Exploratory analyses
As depicted in Figure 2., the majority of participants performed at chance on the task. However, 10 participants scored below chance, while only six participants scored above chance. The mean task performance is 1.75 out of four points, which is below chance.
Figure 2. The frequency of total scores on the 50% identity A and 50% identity B test trials.
The mean score of 5.93 on the AQ-10 for this sample is very close to the threshold for possible autism of six out of 10 points. This shows a relatively high level of autistic traits in the sample. Looking at Figure 3., we can see that the most common score was seven, which is above the threshold. This means the majority of scores were at or above the threshold.
Figure 3. Distribution of AQ-10 scores.
Discussion
Summary of Replication Attempt
My analyses found no main effect of disposition or proportion, contrary to Jellema et al. (2024) that found a main effect of both. Additionally, there was no correlation between AQ-10 scores and implicit learning. These results mean that Jellema et al. (2024) did not replicate here.
Commentary
One reason that the results did not replicate may have been that it was too challenging to tell the difference between the two identities. Jellema et al. (2024) indicated that the differences between identities A and B were subtle, but they may have made subtle changes to the nose and mouth, which I was not able to do because it would have distorted other aspects of the face in strange ways. I was only able to make changes to the upper half of the face, mostly changing the eyes. While the objective was for participants to identify the face based on the disposition towards them and not based on the facial features, it’s possible that having too little differences between the two faces made it too hard to learn who had which disposition.

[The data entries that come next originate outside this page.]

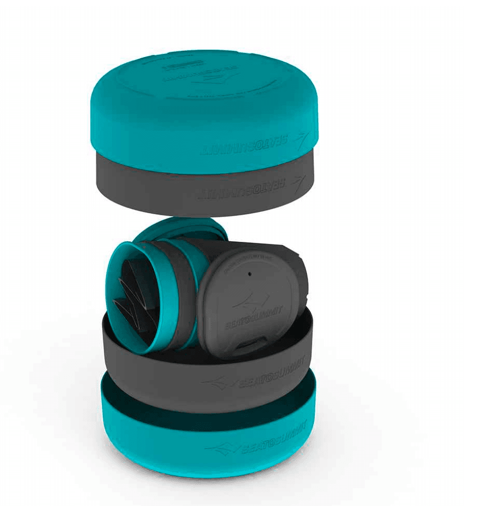 Este conjunto de oito peças que economiza espaço, é embalado na sua própria bolsa de armazenamento termoformada e convenientemente acomodado dentro dos novos potes Alpha. O conjunto acomoda-se de forma funcional e fornece proporções generosas. As tigelas internas e externas são de cores diferentes para facilitar o emparelhamento.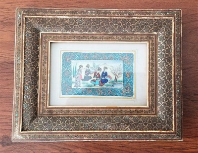 Miniature persian painting on camel bone in khatam marquetry inlaid mosaic frame.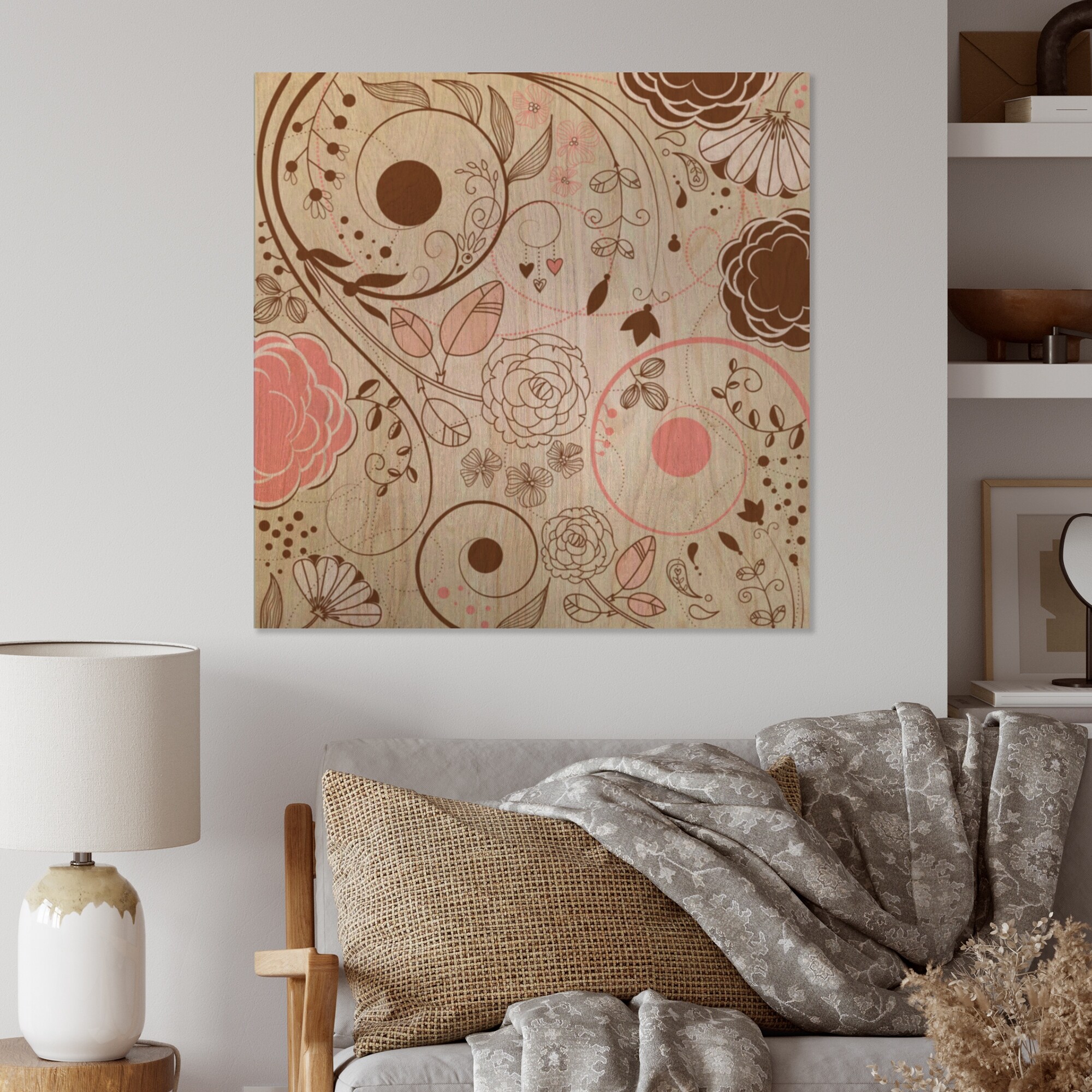Designart 'Retro Doodles Flowers III' Traditional Wood Wall Art Panels - Natural Pine Wood

The possibility that the two faces were too hard to distinguish is partially supported by 22 out of 28 participants scoring at or below chance with 10 of them scoring below chance. In particular, participants scoring below chance could indicate that they actually learned the inverse pattern, attributing the frowning face to the positive disposition and the smiling face to the negative disposition.
Another potential reason that most participants performed at chance was that there may not have been enough trials for learning to occur. However, I am concerned that more trials would have led more people to detect the contingencies in the experiment as four people detected the contingencies with the current number of trials.